Надежные ДНК изоляции и высокопроизводительного секвенирования строительство библиотеки для образцов гербария

Published: March 08, 2018
doi:

Summary

Эта статья демонстрирует подробный протокол для изоляции ДНК и высокопроизводительного секвенирования библиотека строительство из материалов гербариев, включая спасение исключительно низкого качества ДНК.

Abstract

Гербариев являются незаменимым источником растительного материала, который может использоваться в различных биологических исследований. Использование образцов гербария связано с рядом проблем, включая пример сохранения качества, деградации ДНК и разрушительной выборки редких образцов. Для того, чтобы более эффективно использовать гербарий материал в большой последовательности проектов, необходим надежный и масштабируемый метод подготовки ДНК изоляции и библиотека. Этот документ демонстрирует надежный, начало в конец протокол для ДНК изоляции и высок объём библиотека строительства от образцов гербария, не требуют изменений для отдельных образцов. Этот протокол является специально для низкого качества сушеных растений материала и принимает преимущество существующих методов путем оптимизации измельчения тканей, изменения выбора размера библиотеки и представляя шаг необязательный reamplification для низкой урожайностью библиотек. Reamplification библиотек ДНК низкой урожайностью может спасти образцов, полученных от образцов незаменимым и потенциально ценный гербарий, отрицая необходимость дополнительных деструктивных выборки и без внесения заметных последовательности смещения для общего Филогенетические приложений. Протокол был протестирован на сотни видов травы, но ожидается быть адаптированы для использования в других линий завода после проверки. Этот протокол может быть ограничено путем крайне деградировавших ДНК, где фрагментов нет нужного размера в диапазоне размеров, и вторичных метаболитов в некоторых растительных материалов, которые препятствуют чистый изоляции ДНК. В целом этот протокол вводит быстрый и всеобъемлющий метод, который позволяет для изоляции ДНК и библиотека подготовка 24 проб в меньше чем 13 h, с только 8 h активного практического времени с минимальными изменениями.

Introduction

Гербарий коллекции являются потенциально ценным источником как видов, так и геномного разнообразия для исследований, включая филогенетики1,2,3, популяционной генетики4,5, сохранению Биология6, инвазивные виды биологии7и черта эволюции8. Возможность получения богатого разнообразия видов, популяций, географических точках, и моменты времени подчеркивает «сундук»9 это гербария. Исторически деградированных характер гербарий, полученных ДНК препятствовало ПЦР-проектов на базе, часто relegating исследователей с использованием только маркеры в высокой копии, например регионов геномом хлоропластов или внутренней трансляции распорку (СТС) о рибосомных РНК. Качества образцов и ДНК широко зависят методы сохранения9,10, с двуцепочечные разрывы и фрагментации от жары, используемых в процессе сушки, будучи наиболее распространенных форм ущерба, создание так называемые 90% ДНК карцер, заполнена на основе ПЦР исследования11. Помимо фрагментации второй наиболее распространенной проблемой в гербарий геномики является загрязнение, такие как, производный от эндофитные грибов13 или грибов приобрел посмертных после сбора, но до монтажа в гербарий12, хотя Эта проблема может быть выполнено bioinformatically, учитывая право грибковых базы данных (см. ниже). Третий и менее распространенные, проблема изменения последовательности через цитозина дезаминирование (C/G→T/A)14, хотя он считается низкой (~ 0.03%) в гербарий образцов11. С появлением высокопроизводительного секвенирования (HTS) вопрос о фрагментации может быть преодолена с короткой читает и последовательности глубины12,15, позволяя геномных данных приобретение от многочисленных образцов с низким качеством ДНК и иногда даже разрешительные весь геном последовательности15.

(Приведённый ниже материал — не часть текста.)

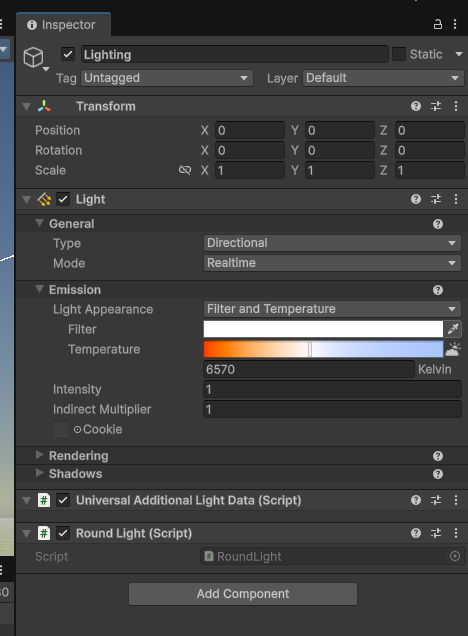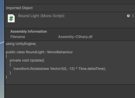 次は、太陽を移動させるそうで、145ページにあるRoundLightスクリプトを作る。これ。

Гербарий образцы становится все более часто используются и более крупный компонент филогенетических проектов16. Текущий вызов с использованием образцов гербария для HTS неизменно является получение достаточных двойной мель ДНК, является необходимым условием для последовательность протоколов, от многочисленных видов своевременно, без необходимости оптимизации методов для отдельных образцы. В этом документе протокол для экстракции ДНК и библиотека подготовки образцов гербария показано что использует преимущества существующих методов и изменяет их для быстрого и воспроизводимые результаты. Этот метод позволяет для полной обработки от образца к библиотеке 24 пробы в 13 h, с 8 h практическое время, или 16 h, с 9 ч практический время, когда требуется дополнительный reamplification шаг. Одновременная обработка более образцов является достижимым, хотя ограничивающим фактором является мощности центрифуг и технических навыков. Протокол призван требовать только в типичных лабораторное оборудование (Термоциклер, центрифуги и магнитные стенды) вместо специализированного оборудования, такие как распылитель или sonicator, для сдвига ДНК.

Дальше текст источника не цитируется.